• [Work task]
Please repeat only the lines below starting at the line that holds "The Qplay Elite" and ending at the line that holds "2024年H1微短剧备案数、", exactly, with both of those lines included and every picture omitted.

• [Materials provided]

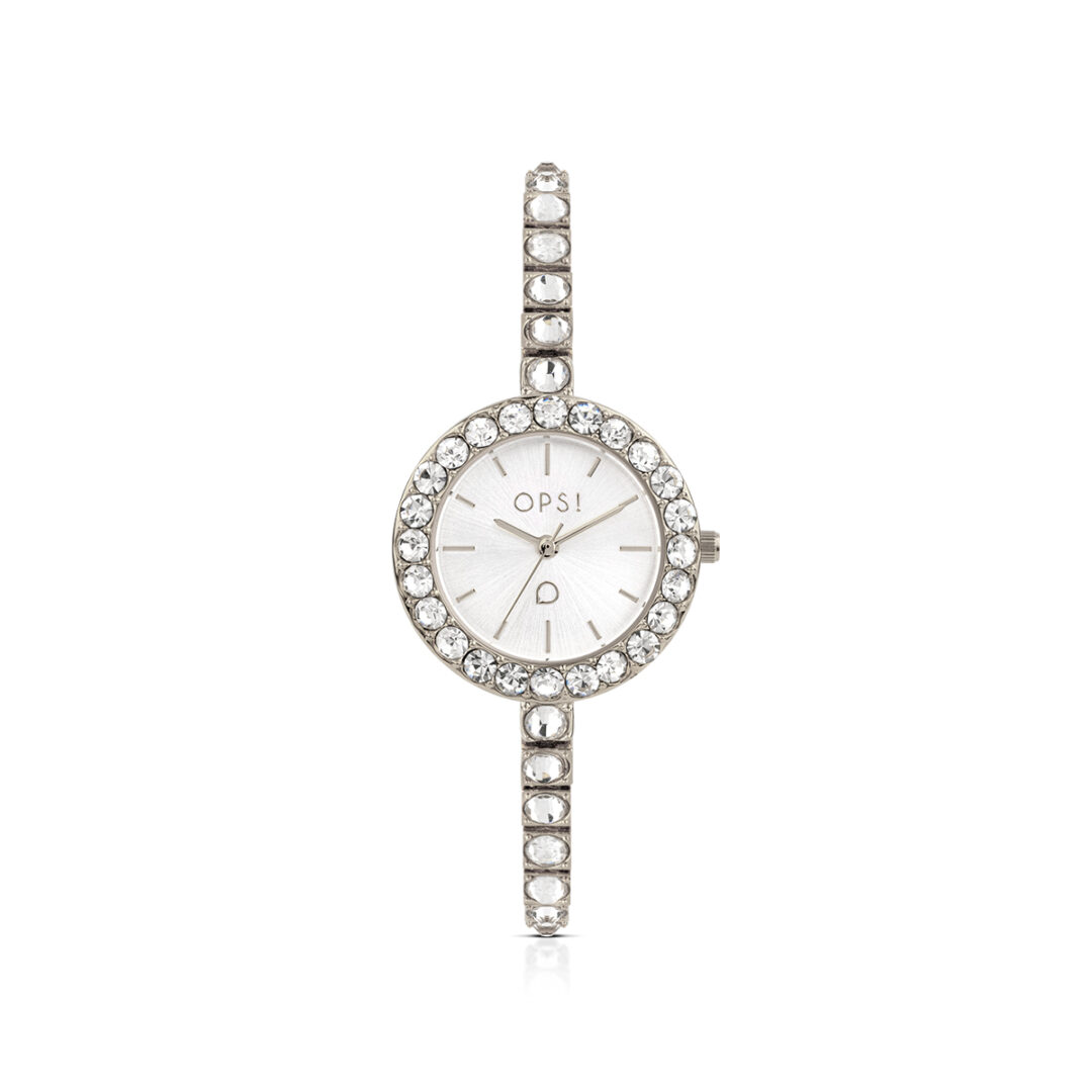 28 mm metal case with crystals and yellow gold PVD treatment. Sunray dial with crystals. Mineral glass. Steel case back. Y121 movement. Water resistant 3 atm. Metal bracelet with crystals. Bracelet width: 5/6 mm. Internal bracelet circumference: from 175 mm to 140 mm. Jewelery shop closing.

==

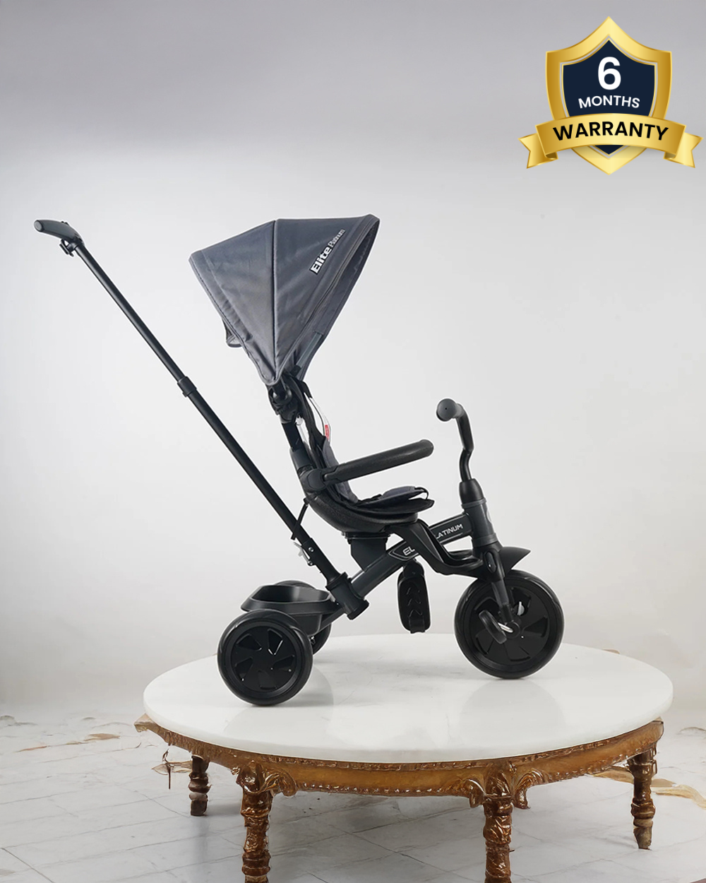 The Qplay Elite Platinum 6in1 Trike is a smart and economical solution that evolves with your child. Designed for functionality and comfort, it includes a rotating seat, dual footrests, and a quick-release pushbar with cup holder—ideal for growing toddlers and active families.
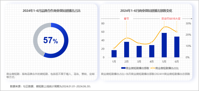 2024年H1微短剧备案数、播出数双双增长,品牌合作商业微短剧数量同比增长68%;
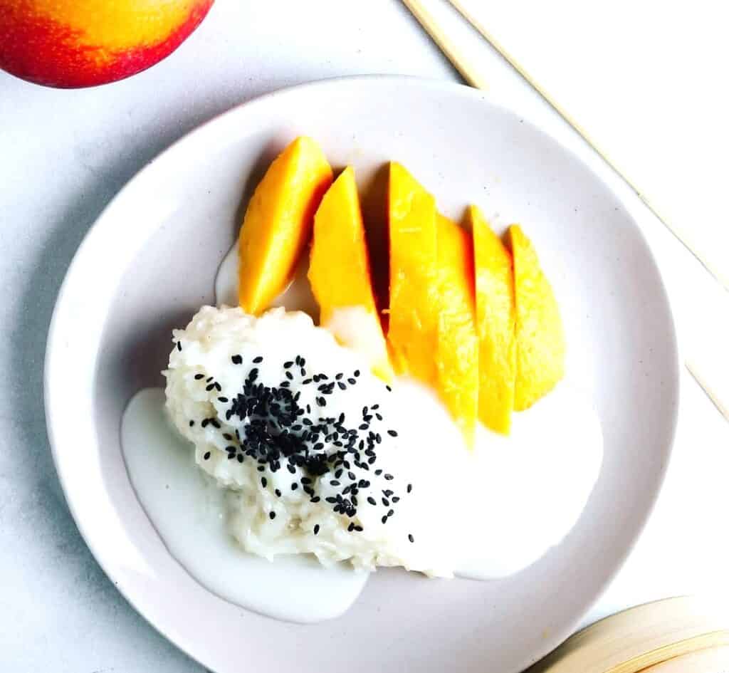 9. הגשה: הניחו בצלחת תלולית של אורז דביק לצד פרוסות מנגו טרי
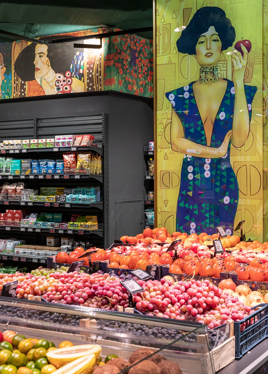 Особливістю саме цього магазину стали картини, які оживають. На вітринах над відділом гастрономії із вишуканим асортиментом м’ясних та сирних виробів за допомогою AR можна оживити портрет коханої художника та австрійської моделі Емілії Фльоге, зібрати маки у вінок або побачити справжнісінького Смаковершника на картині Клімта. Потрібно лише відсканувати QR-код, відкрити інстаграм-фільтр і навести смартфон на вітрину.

• [Response to the task]
 The Qplay Elite Platinum 6in1 Trike is a smart and economical solution that evolves with your child. Designed for functionality and comfort, it includes a rotating seat, dual footrests, and a quick-release pushbar with cup holder—ideal for growing toddlers and active families.
 2024年H1微短剧备案数、播出数双双增长,品牌合作商业微短剧数量同比增长68%;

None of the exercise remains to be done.